The finback catsharks are a small family, the Proscylliidae, of ground sharks. They can be found in warm seas worldwide and are often the most numerous and common shark in tropical regions. They are generally less than 1 m in length, and are slow-moving predators that feed on bony fish and small invertebrates. Although some bear live young, the majority lay eggs with almost fully developed young; these egg cases, known as "mermaid's purses", are unique in appearance to each species.

== Taxonomy ==

=== Genus Proscyllium Hilgendorf 1904===
- Graceful catshark (Proscyllium habereri) was first discovered by Hildendorf in 1901.
- Proscyllium venustum is found in temperate regions. It is distributed along the Northwest Pacific, primarily Japan. These sharks are oviparous; they lay eggs in pairs in which the embryos feed solely on yolk. This species is considered harmless to humans.
- Magnificent catshark (Proscyllium magnificum) A newly discovered species within the family Proscyllidae, it has little supporting research. It is tan in coloration with dark spots and blotches. The body is considered slender and firm. This species grows to be at least 450 mm in length. They have been found in tropical waters throughout the eastern Indian Ocean off the coast of Myanmar.

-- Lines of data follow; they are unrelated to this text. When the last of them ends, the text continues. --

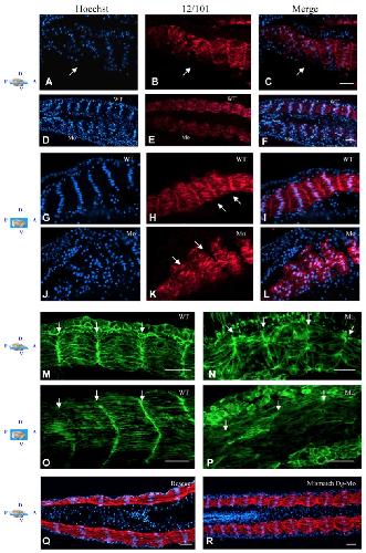 Fig. 5. Dystroglycan depletion disrupts myotome cells alignment and intersomitic cohesion. A,BâC: Stage 24. Control embryo sectioned and stained with Hoechst (blue, A), and immunostained with the 12/101 antibodies (red, B); merged image (C). Arrows show cells undergoing their rotation. DâL: Embryos were unilaterally injected at the two-cell stage with 28 ng of Dg morpholino (MO). At stage 24, embryos were fixed, sectioned and double stained with the 12/101 antibodies (red) and Hoechst (blue). DâF: Frontal section. The nuclei are randomly distributed on the injected side (lower part of the panel). GâI: Para-sagittal section, control side of the embryo. G: The nuclei exhibit a typical oval/elongated shape and are aligned in each somite. H: The somites are strongly cohesive the ones with the others. The 12/101 staining is concentrated at the intersomitic junctions (white arrows). I: Merge. JâL: Parasagittal section of the injected side. J: The nuclei are randomly distributed. K: The somites are less compact and less cohesive; the 12/101 staining is absent at the intersomitic junctions (white ar- rows); within somites, the cell alignment ap- pears affected. L: Merge. MâP: Embryos were unilaterally injected at the two-cell stage with Dg MO and mRNAs encoding a membrane-tagged green fluorescent protein (GFP). M: Stage 24, frontal section, control side. Cells are aligned parallel to the notochord and somite boundaries are well delimited (white arrows). N: Stage 24, frontal section, injected side. The somites are disorganized. Cells fail to extend and align within each somite. The intersomitic junctions fail to form correctly (white arrows). O: Stage 24, para-sagittal section, control side. Cells are aligned. Somite boundaries exhibit their characteristic chevron pattern (white arrows). P: Stage 24, para-sagittal section, injected side. Cells fail to align and boundaries are not well delimited (white arrows). Q: Frontal section of a rescued embryo stained with Hoechst (blue) and the 12/101 antibodies (red). R: Frontal section of an embryo injected with a five-nucleotide mismatch Dg-MO and stained with Hoechst (blue) and the 12/101 antibodies (red). The somite morphology and their number are not affected. Cells are aligned parallel to the notochord. WT, wild-type; Mo, injected side. Scale bar = 70 um.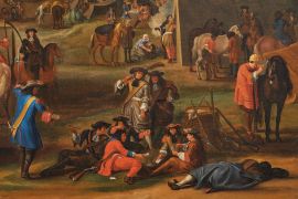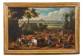 Nominato “Peintre ordinaire du Roi” nel 1673, anno in cui entrò a far parte della Académie des Peintres, Van der Meulen replicò infatti, su richiesta reale, le tele di grandi dimensioni che ne documentavano le imprese militare realizzandone versioni minori destinati ai castelli e alle residenze aristocratiche. Tra queste, il dipinto qui offerto costituisce un ottimo esempio delle sue accurate vedute topografiche animate nel primo piano da scene di vita militare con veri e propri ritratti. La verosimiglianza dei luoghi e delle singole scene è testimoniata dai numerosissimi disegni eseguiti dal pittore fiammingo e relativi ai luoghi visitati al seguito dell’Armata, come risulta dai documenti che certificano i suoi viaggi, e dagli studi di figure e cavalli che costituiscono il suo ricchissimo corpus grafico.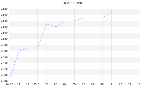 Elo no rounded:2608.9 Rd ( Small rd indicates a reliable elo ) : 101 Elo max :2620 Elo max this year :2620 Moves played :1188 Country:Philippines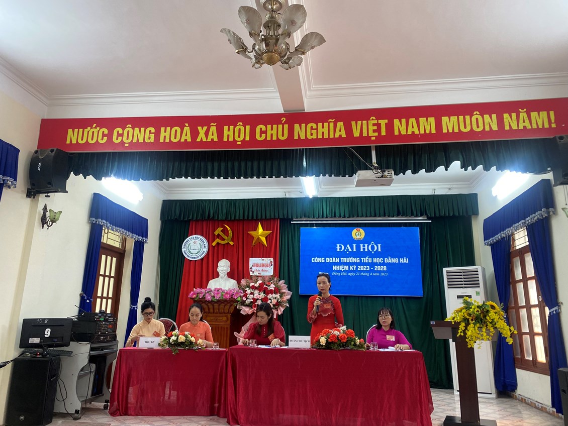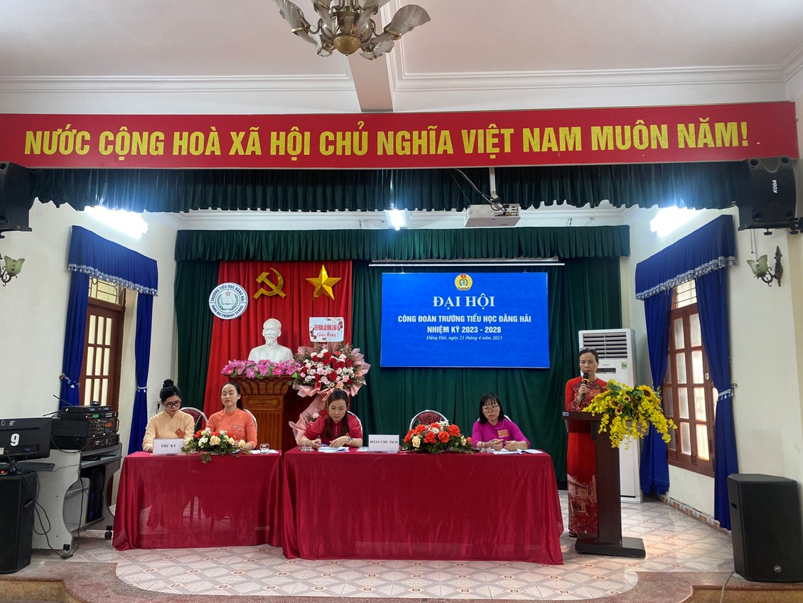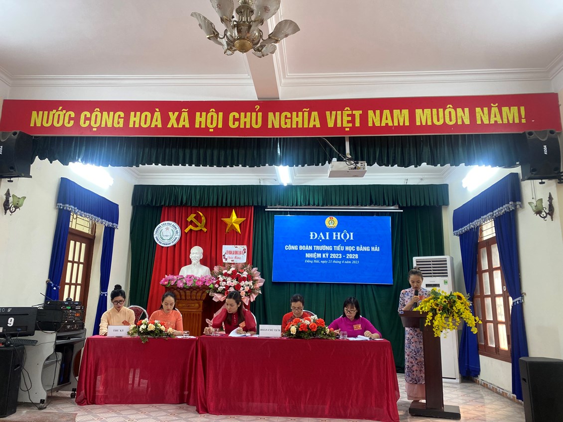 Đại hội đã nghe phát biểu chỉ đạo của đồng chí Bùi Thị Hường - Bí thư chi bộ - Phó hiệu trưởng. Đại hội đã bầu Ban Chấp hành Công đoàn Trường nhiệm kỳ 2023 - 2028 gồm 05 ủy viên và Đoàn đại biểu đi dự Đại hội V công đoàn quận Hải An gồm 03 đại biểu chính thức. Đại hội kêu gọi toàn thể cán bộ, đoàn viên nêu cao tinh thần trách nhiệm, phát huy truyền thống đoàn kết, năng động, sáng tạo, vượt qua khó khăn, thách thức, quyết tâm thực hiện thắng lợi Nghị quyết Đại hội Công đoàn trường Tiểu học Đằng Hải nhiệm kỳ 2023 -2028!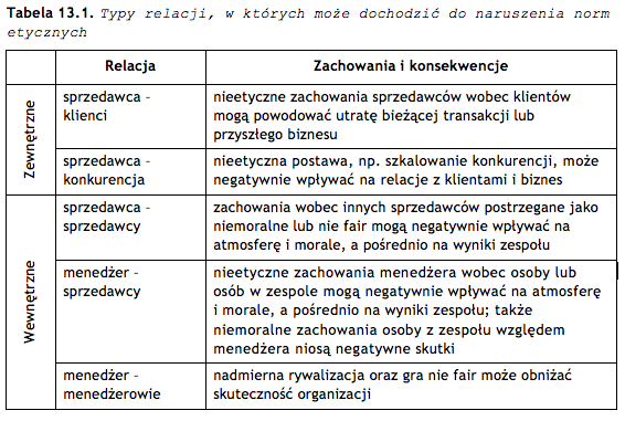 Dylematy etyczne charakterystyczne dla organizacji sprzedażowych pojawiają się w dwóch typach relacji: 1) relacjach zewnętrznych, tj. kontaktach reprezentantów firmy z klientami i konkurencją oraz 2) relacjach wewnętrznych, w tym, jak się do siebie odnoszą członkowie organizacji. Przykładowe dla tych typów relacji nieetyczne zachowania wraz z ich konsekwencjami zostały przedstawione w tabeli 13.1.

=== Genus Eridacnis H. M. Smith, 1913===
- Pygmy ribbontail catshark (Eridacnis radcliffei) It is known to be one of the smallest sharks within its species, with a maximum length around 257 mm. It is distributed in the waters surrounding the Philippines, along with the Indo-West Pacific Ocean. They are found located near muddy bottoms of the continental shelves. It is not a species directly targeted by the fishing industry; however, it is negatively impacted as bycatch by the shrimping industry due to shrimp being its primary food source. They are considered harmless to humans.
- Cuban ribbontail catshark (Eridacnis barbouri), can be found in deep water along the upper continental shelf. They are distributed throughout the western central Atlantic. Their primary food source is small fishes, crustaceans, and cephalopods. Having two young per litter, ranging in size at birth to over 10 cm, this species is ovoviviparous. This species is viewed as harmless to humans.
- African ribbontail catshark (Eridacnis sinuans), is grey-brown in color. They are distributed within the western Indian Ocean, but confined to the South Africa, Mozambique, and Tanzania. This species is primarily found along the upper continental shelf in deep water. This species feeds on small bony fishes, crustaceans, and cephalopods. Their ovoviviparous reproductive system allows them to have two young per litter between 15 and 17 cm in length when born. This species is also considered harmless to humans.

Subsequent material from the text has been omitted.